A simple Naieve Bayes classifier for identifying spam and non-spam (ham) emails.
The myclassifer.py file contains my solution and the spam classifier.py implements it using the testing and training files.
-
Classifier that can be instantiated and trained to linearly seperate between two classes with an approximate 88.6% accuracy (according to tests on hidden assessment data)
-
Used log of probabilities to maintain precision for small probabilities, and to increase performance by allowing for multiplication to be transformed into addition
-
Used laplace smoothing to handle the problem of zero data producing zero probabilities
This project was developed as a solution for a CM10310 Artificial Intelligence coursework, and has been my first attempt at using Naieve Bayes.
One limitation of this was that I was unaware of the hidden test data that would be used and so did not focus on optimising the data set, which may have improved performance.
The feedback on this coursework estimated the accuracy with extra hidden data to be around 88.6%.

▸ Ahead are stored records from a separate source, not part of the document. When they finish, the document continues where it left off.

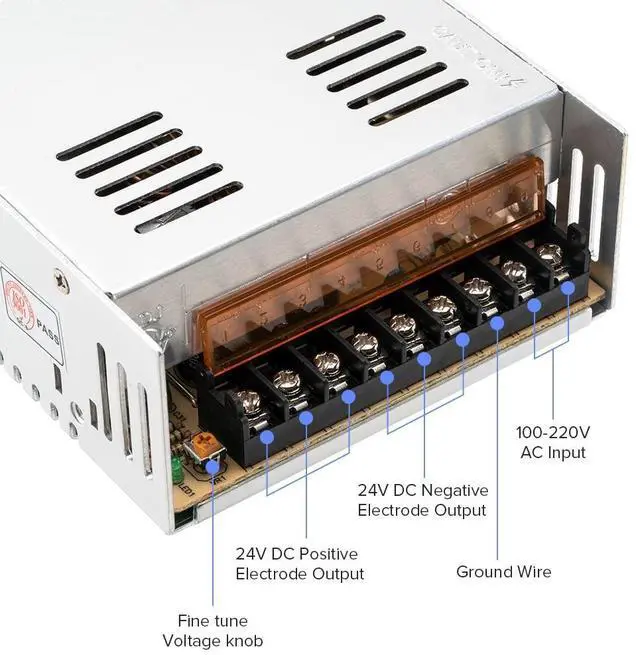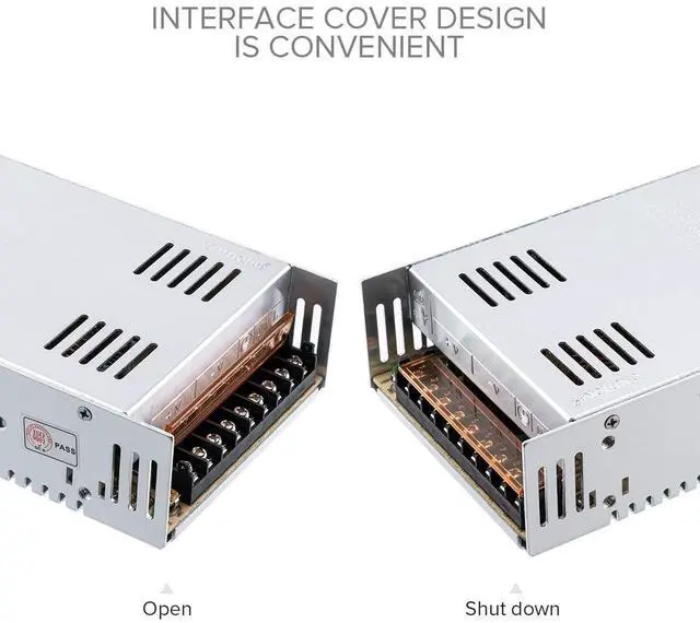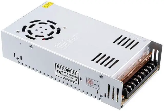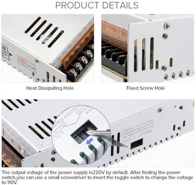 Output: 24V DC up to 15 Amps Max; The output voltage can be regulated by 10%, from 23.5V to 24.5V, Works with device that draws less than 15A, such as DC24V1A~15A. ^^ The default input voltage is 220V, 110V/220V must be selected by switch before using to avoid damaging. Please replace the switch with the voltage appropriate for your project. High-quality raw materials, porous metal shell, good heat dissipation performance, small size, strong performance stability, only support indoor use. ^^ Make sure your device match the 24V voltage and wattage less than 360W. Please dont run it overload. The max use should be no more than 80% of the full loads, otherwise, Its cause the power supply to overheat, the service life of the power supply will be greatly shortened. We recommend you to use this 24V15A 360W power supply to power devices less than 288W.
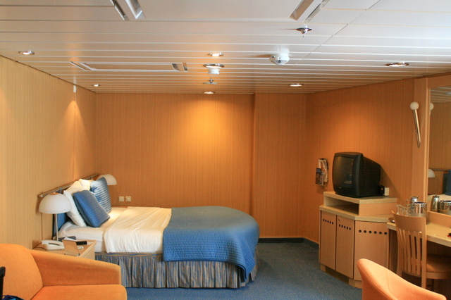 正直豪華客船のスタンダード客室は寝るためだけに作られているので、ビジネスクラスサイズだ。20㎡もない。(ただ本当に寝るとき以外あまり部屋に滞在することはなかったので、狭さは問題ではない。)
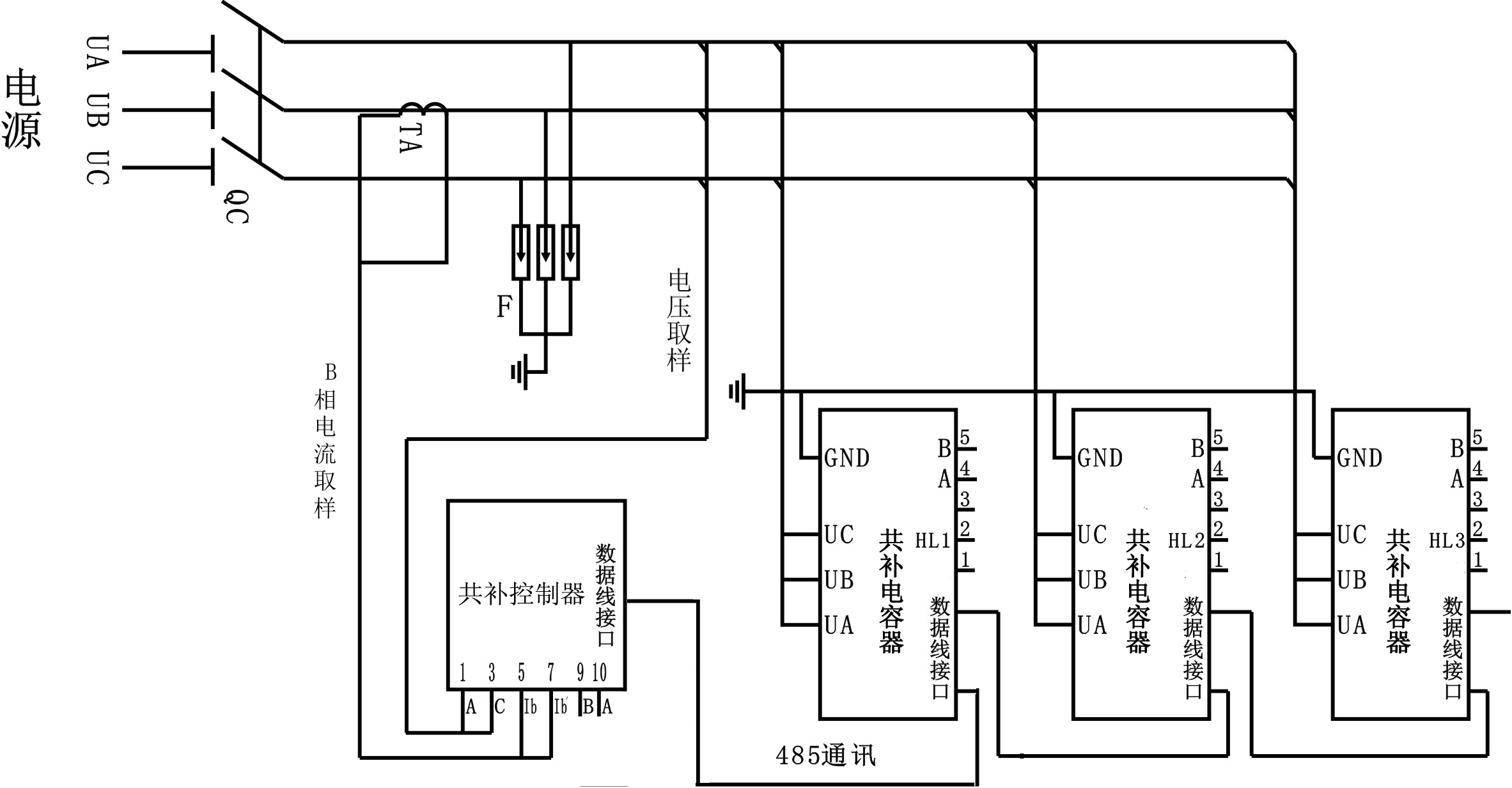2)采用RS485通信控制方式,混補控制器最多可同時控制20只共補電容器和10只分補電容器,共補控制器最多可同時控制32臺共補電容器。
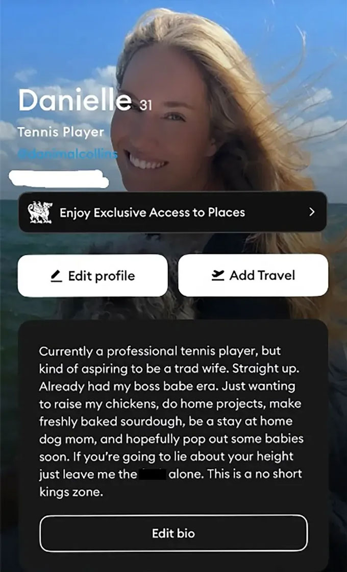 "Tôi đã trải qua giai đoạn ‘cô nàng sự nghiệp’ rồi. Giờ chỉ muốn nuôi gà, làm việc nhà, nướng bánh mì chua, làm mẹ chăm chó ở nhà, và hy vọng sớm có vài đứa con. Nếu bạn định nói dối về chiều cao thì tốt nhất là đừng tiếp cận tôi. Khu vực này không chấp nhận các ‘ông vua nấm lùn’ đâu”.
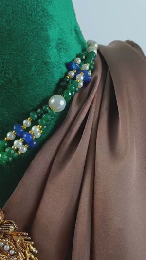 Handcrafted 22k gold plated mala studded with sheesh, sapphire, emerald and pearls.
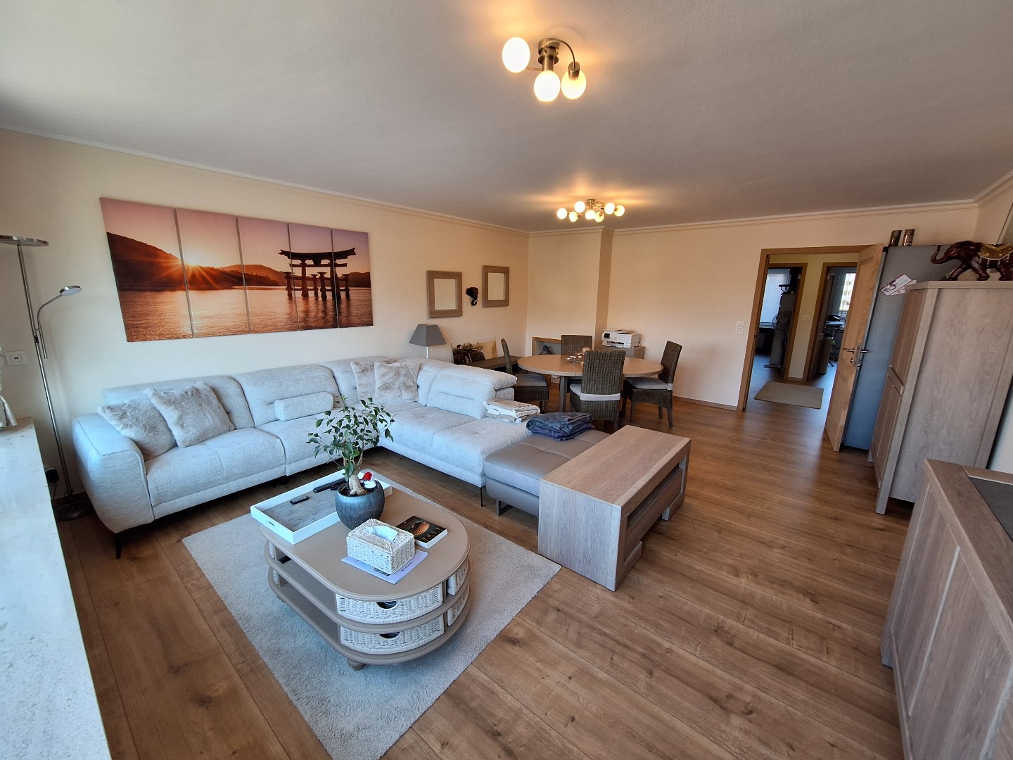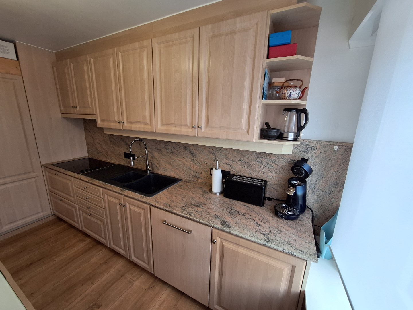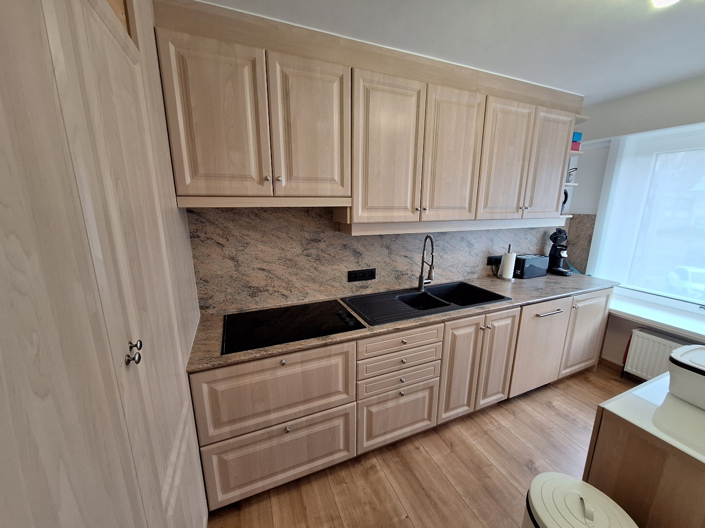 Aansluitend aan de grote, lichtrijke woonkamer bevindt zich de aparte keukenruimte met een ingerichte keuken en veel bergruimtes.
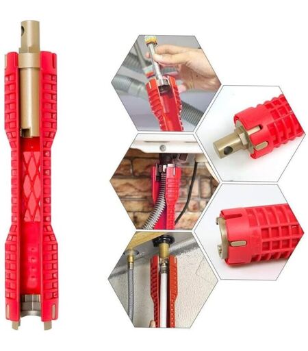 SOEKAVIA Chiave per tubi multiuso, strumento di riparazione per rubinetti e lavandini, strumento idraulico, chiave a bussola, chiave per tubi da cucina (rosso)
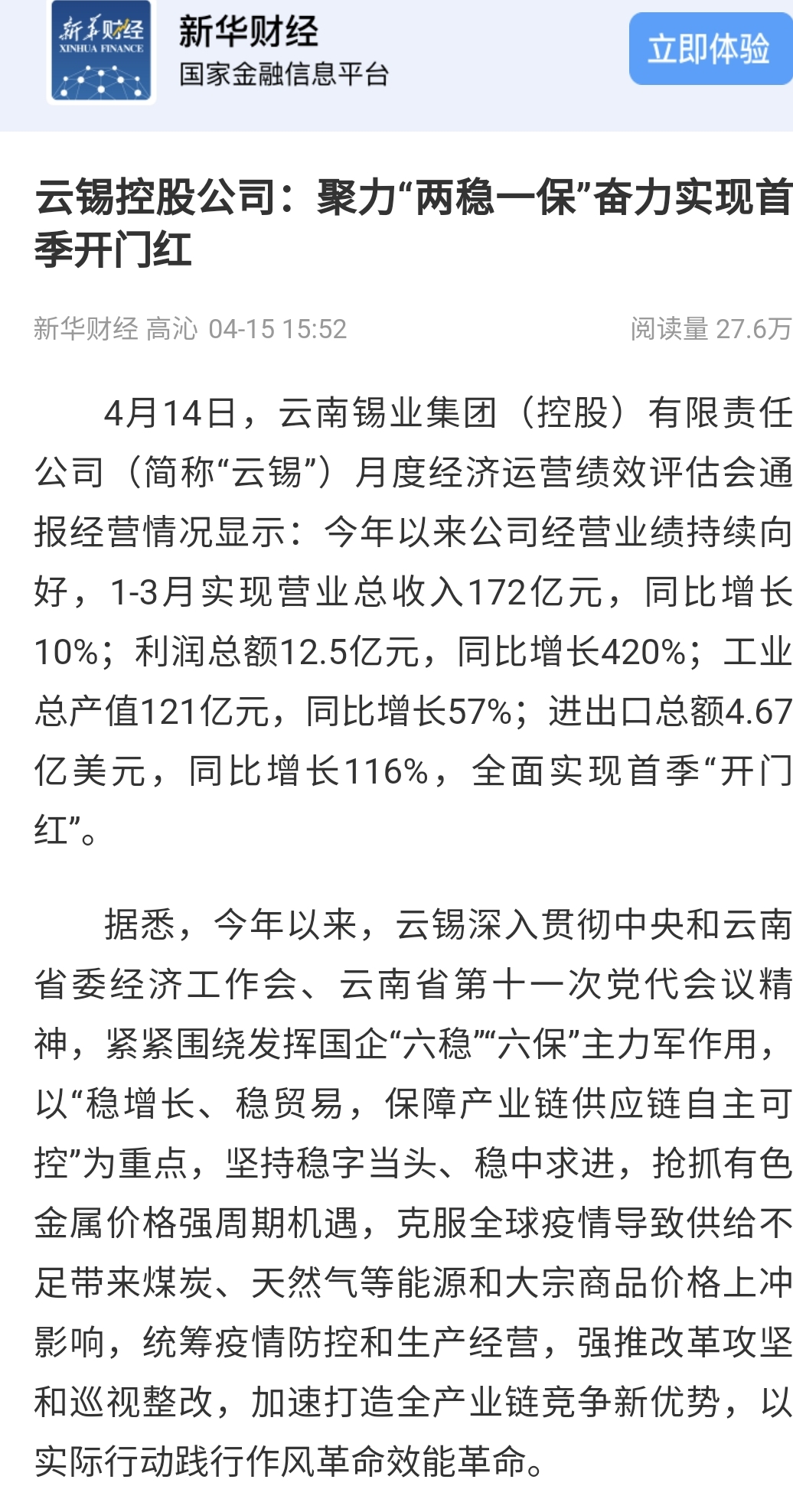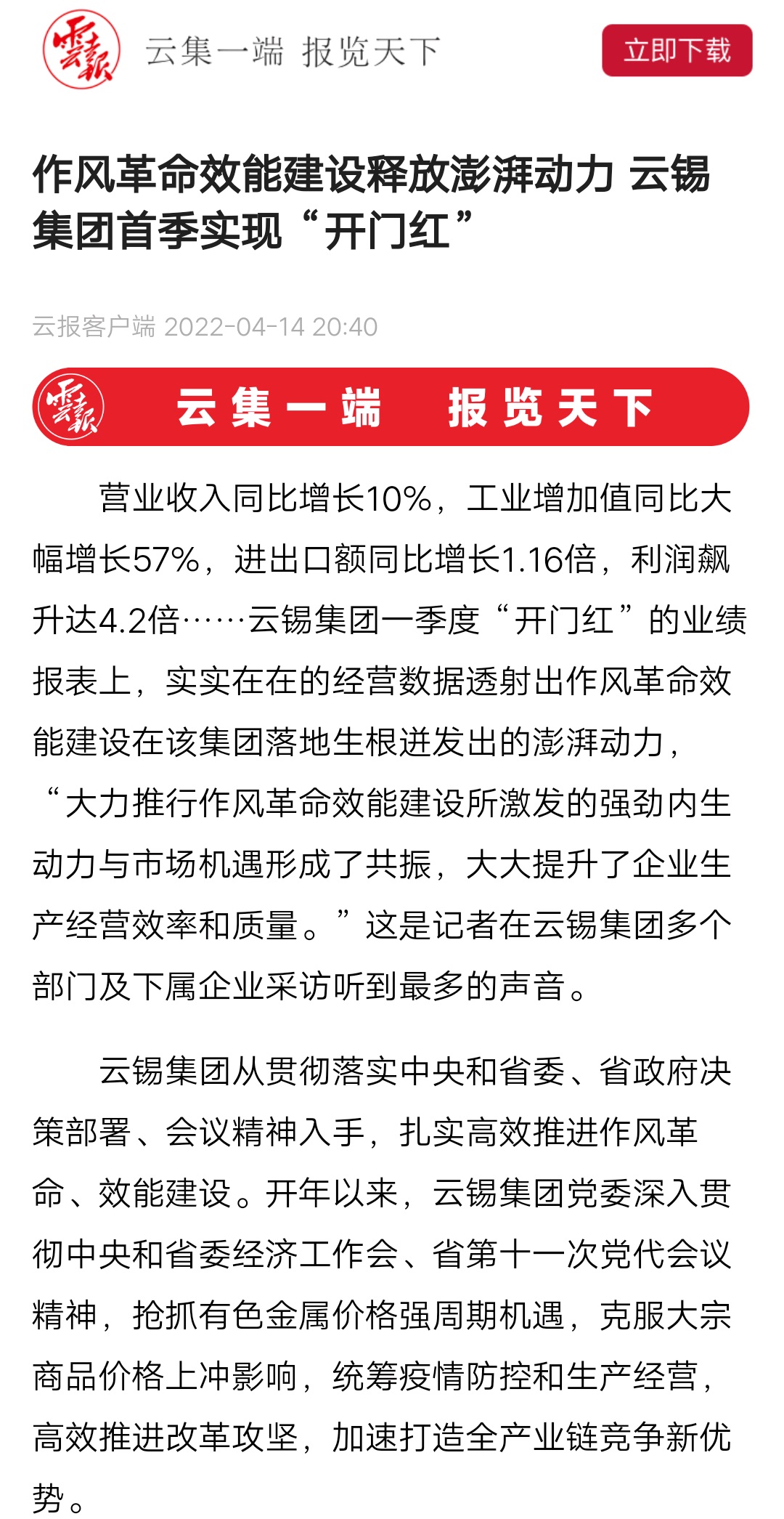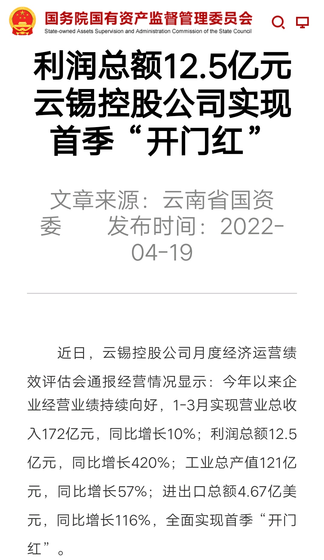 媒體關注| 人民網、新華財經、云報、云南國資等媒體關注云錫實現首季開門紅
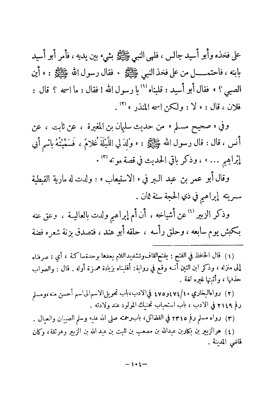 وَفِي صَحِيح مُسلم من حَدِيث سُلَيْمَان بن الْمُغيرَة عَن ثَابت عَن أنس قَالَ قَالَ رَسُول الله صلى الله عَلَيْهِ وَسلم ولد لي اللَّيْلَة غُلَام فسميته باسم أبي إِبْرَاهِيم وَذكر بَاقِي الحَدِيث فِي قصَّة مَوته
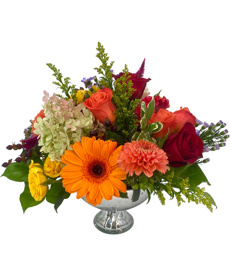 A Gorgeous Seasonal Mix With Fresh Greens Designed In A Keepsake Mercury Glass Bowl
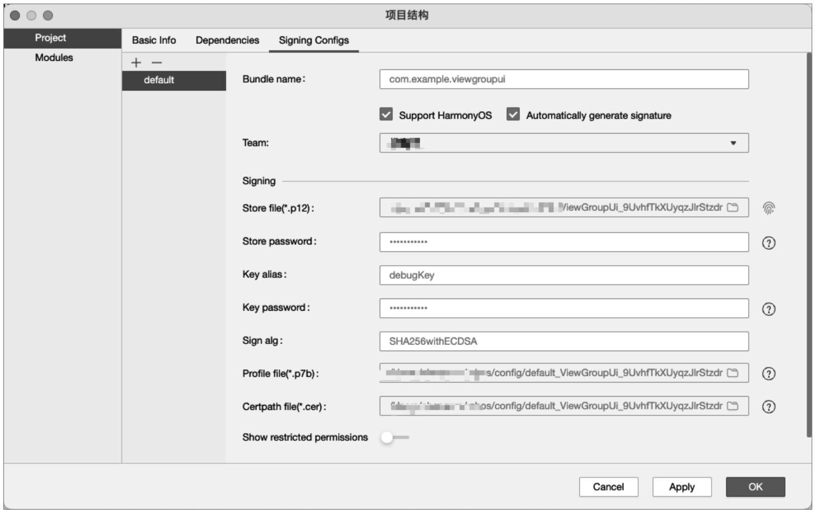 02 单击File→Project Structure...→Project→Signing Configs,勾选Support HarmonyOS和Automatically generate signature复选框,单击界面提示中的Sign In按钮,使用华为账号登录。等待自动签名完成后,单击OK按钮即可,如图1-11所示。
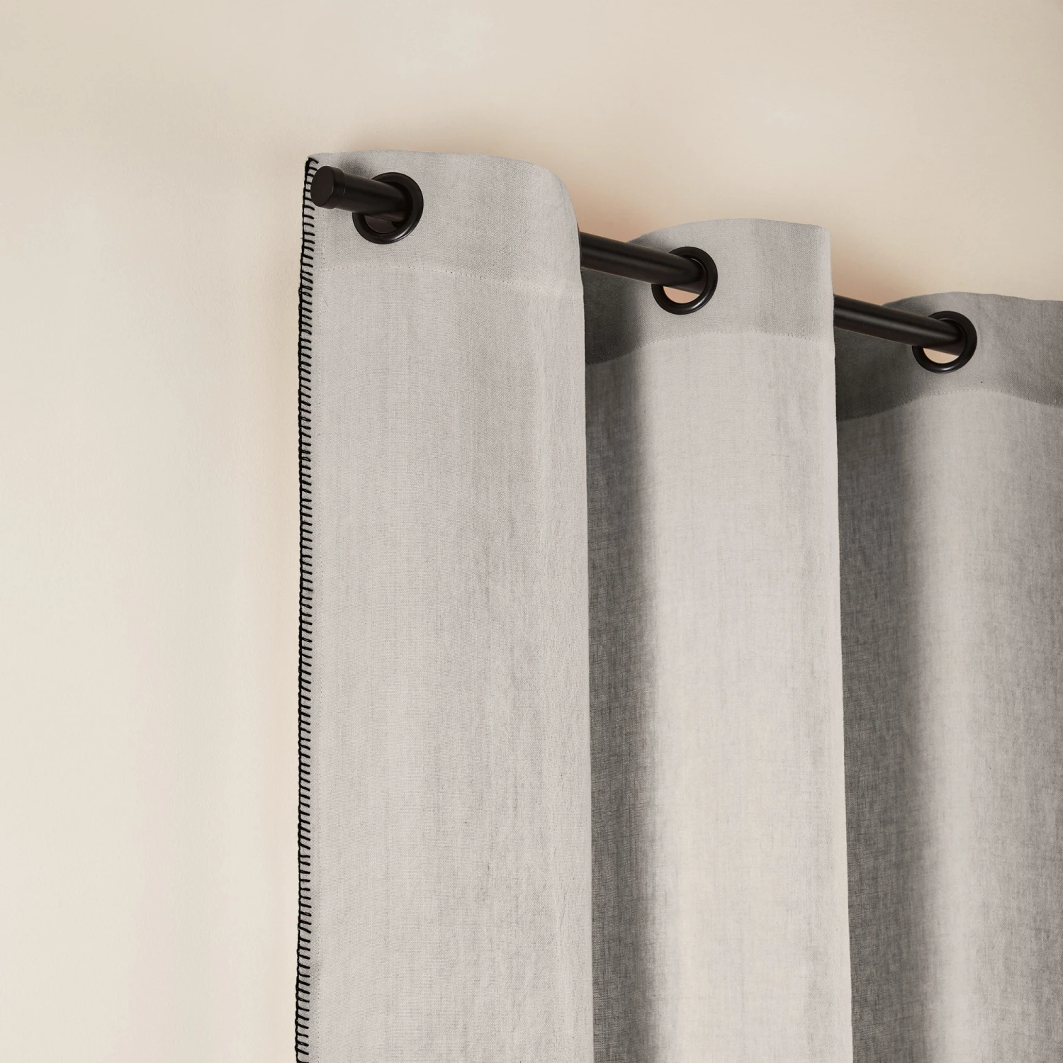 Contrasté d’un point de feston noir, le rideau à oeillets noirs Nino blanc minéral insuffle un esprit brut et authentique grâce à son lin lavé épais.

Python 3 is all that is required to run the code and there are no extrenal libraries used accept numpy which is part of the standard library.
Given the accuracy of the classifier and simplistic nature of the test data provided, it is unlikely this project will prove useful as an actual spam email classifer.
However, the purpose of this project was to develop a Naieve Bayes Classifier from scratch with no external libraries and as such it may be helpful for understanding a simple implementation of Naieve Bayes.
For sufficiently simple problems for linear sepeartion, the code may be adapted to be helpful.
-
Explore parallelization of calculations
This is a common improvement to Naieve Bayes to improve performance and may be an interesting challenge.
This solution was developed for a coursework from the University of Bath.
They developed the spam classifier.py and training files, as well as a small section of skeleton code.